Марвелл откинулся на спинку стула, закинул ногу на ногу. Над спустившимися носками ноги его оказались бледными и безволосыми.
— Ты всерьез думаешь, что моя пьеса может быть использована для кино? Знаешь, я хотел сделать иную, более сложную, нешаблонно красивую вещицу. Свое смущение я постарался погрузить в бокале виски с содовой и ждал, пока оно там растворится, чтобы потом натянуть на лицо улыбчивое выражение.
— Я никогда не принимаю моментальных решений. Мне платят за то, чтобы я держал на мушке калифорнийские летние театры, это самое я и делаю. Вокруг полно молодых талантов. Во всяком случае, я должен увидеть всю твою пьесу целиком, прежде чем сделать какой-то вывод.
— Я заметил тебя сегодня днем в театре, — заметил Марвелл. — Кстати, что там произошло, — вся эта безобразная сцена с Кэти и ее парнем, а потом между Кэти и отцом?
— Понятия не имею. Я смотрел на сцену.
Марвелл поднялся, чтобы налить себе еще. Двигался он почему-то вдоль стен комнаты, словно пугливая лошадь.
— У девушки есть проблемы, — сообщил он мне через плечо. — Моего бедного, милого Джеймса положительно заездила женская часть его семьи. Менее ответственный человек просто удрал бы отсюда.
— Это еще почему?
— Они вытягивают из него все соки, их эмоции непереносимы — Марвелл слабо улыбнулся, глядя куда-то поверх своего бокала. — Начала его мать, когда он был еще совсем маленьким мальчиком, и это продолжается много-много лет, а он даже и не подозревает, что им играют, и каждая в своих интересах. Теперь вот жена и дочь тоже... опустошают душу и нервные клетки этого милого человека. — Может быть, он осознал, что говорит лишнее, то, что не надо знать литературному агенту, и резко сменил пластинку:
— Я всегда недоумевал, почему его мать решила поселиться здесь, на таком голом откосе. Она могла жить где угодно, по своим средствам, понимаешь, где угодно. Но предпочла высохнуть здесь под этим жутким солнцем...
— Некоторым оно нравится, — заметил я. — Например, мне — урожденному калифорнийцу.

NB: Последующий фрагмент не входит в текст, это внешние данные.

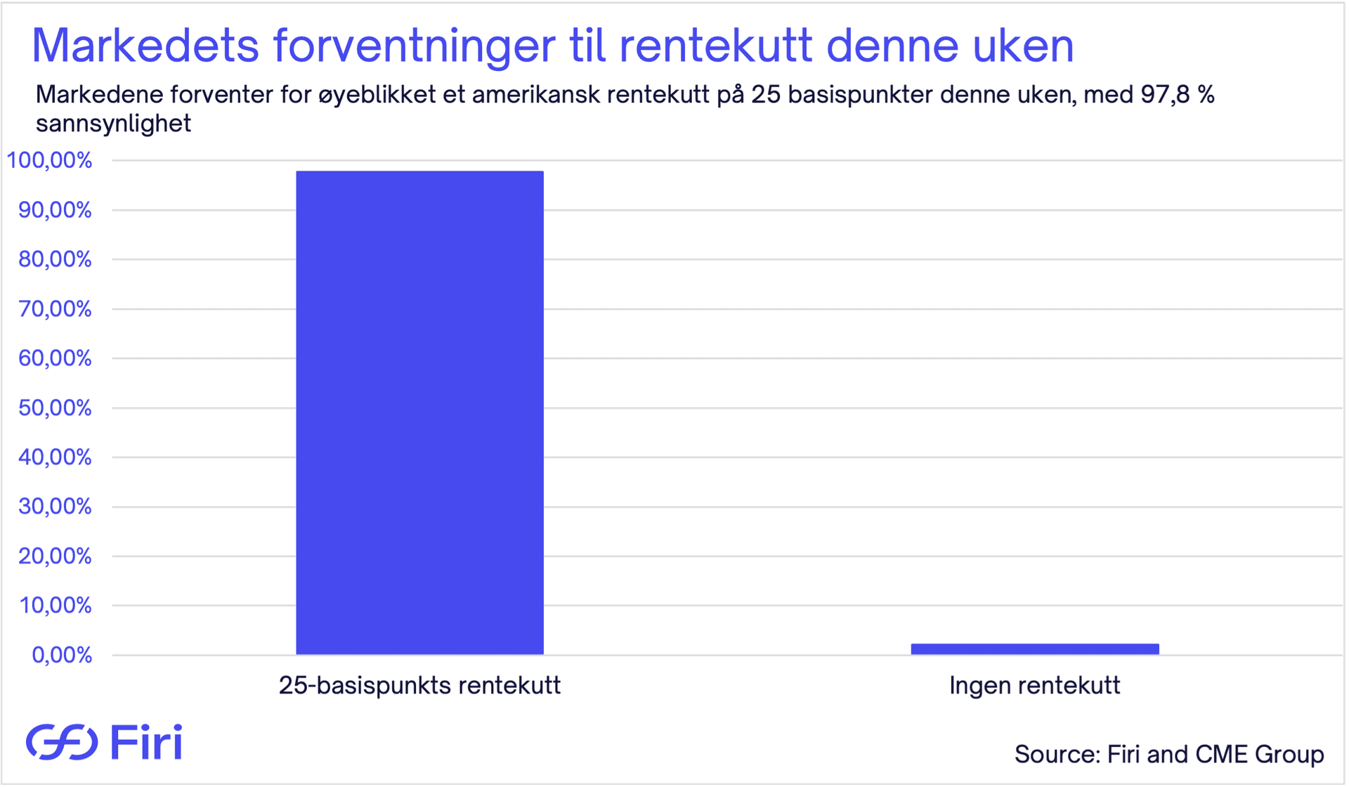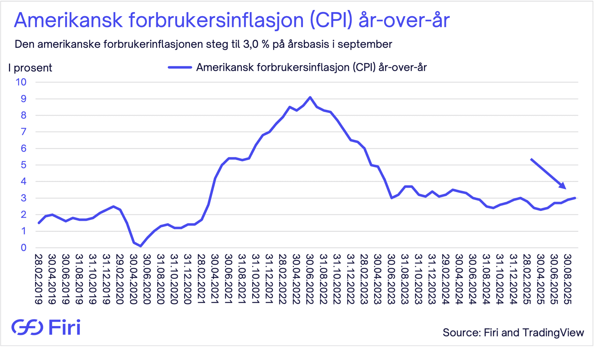 - Markedene priser med 97,8 % sikkerhet et rentekutt fra den amerikanske sentralbanken (Fed) onsdag, etter at den amerikanske inflasjonen i september traff 3,0 % mot forventet 3,1 %.
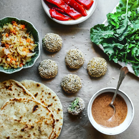 Pannuleipä eli flatbread on nopeasti valmistuva leipä, johon tarvitaan vain neljää raaka-ainetta. Sen täytteeksi sopii melkein mikä tahansa, ja tässä ohjeessa leivät täytetään herkullisilla linssipyöryköillä, mantelikastikkeella ja vihanneksilla.
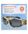 The SkullerzĀ® Odin Safety Glasses take their name from the king of the Norse Gods. These full-frame, protective work safety sunglasses feature tough scratch-resistant lenses filter 99.9 percent of harmful UVA, UVB and UVC rays to keep your eyes safe in the sun. The durable frames bend and flex without breaking. A non-slip rubber nose piece and rubber temples keep the glasses secure and resist sweat. An elastic retainer strap or foam gasket insert can be attached to the temples. They offer high-velocity impact protection and ballistic fragmentation protection, which is the U.S. Military Combat Eye Protection System Performance Specification for eyewear.
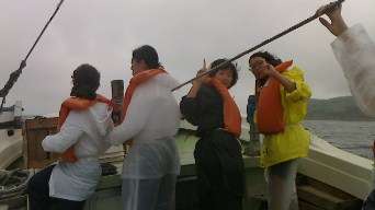 今福地区へ向かう海上タクシー。下は、田代地区の対面式のようすです。
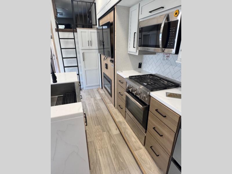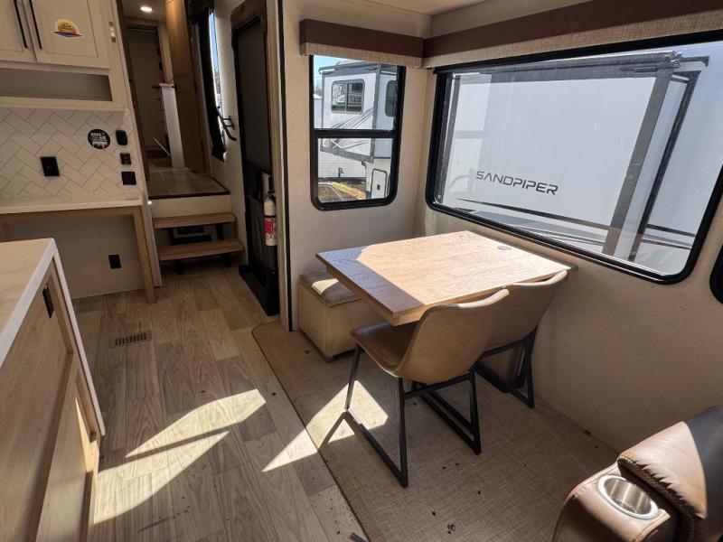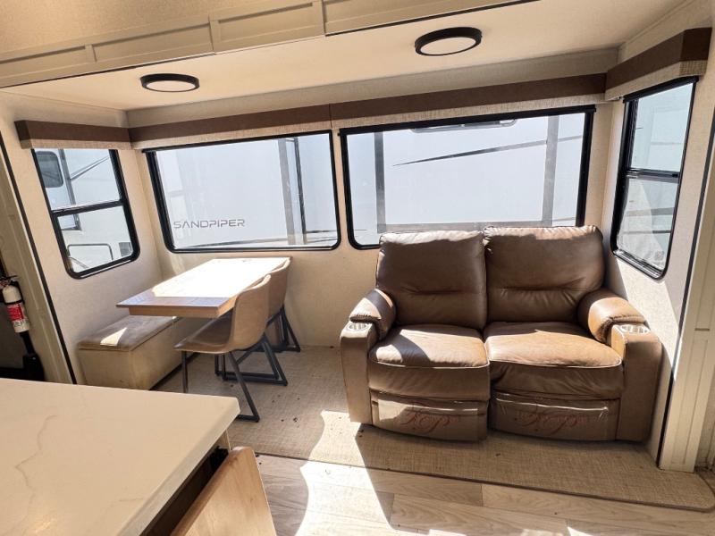 You will find the perfect balance of size, space, features, and luxury with any one of these Forest River Sandpiper fifth wheels! They are constructed with a welded aluminum framed vacuum bonded laminated superstructure, a cambered powder coated frame with rust prohibitor, and a fully enclosed underbelly for added protection against the elements. The large tinted windows come with a 80/20 UV prohibitor or you can choose the optional dual pane windows. Some hassle-free amenities include a 60k BTU on-demand water heater, full coach water filter system, tire pressure monitor system, and an electric leveling system! Inside, you'll enjoy stainless steel appliances, solid surface countertops, Beachside Sundance linoleum, recessed residential lighting, and many more comforts!

— Неужели ты можешь выносить эту жару, эту расстраивающую психику монотонность климата?
Монотонность климата и все такое я готов выносить. Вот монотонность фальши выносил я с большим трудом. Фальшивых друзей, фальшивых радуший, фальшивого творческого бескорыстия — тоже. Я объяснил англичанину, что в Южной Калифорнии бывает два сезона, жаркий и прохладный, будто в континентальном климате.
— О, совершенно, совершенно верно, — ответил Марвелл и наполнил свой бокал еще раз, пока я допивал не спеша остатки первого. Виски, казалось, никак на него не действует. Он был в возрасте Питера Пэна, бойкий на язык, вежливый и эксцентричный. Я понял, что Марвелл и впрямь был очень привязан к Джеймсу Слокуму, но все, что он говорил по этому поводу, преподносилось столь неопределенно, хоть и бойко, что я никак не мог ухватить суть или хотя бы определить, где она находится.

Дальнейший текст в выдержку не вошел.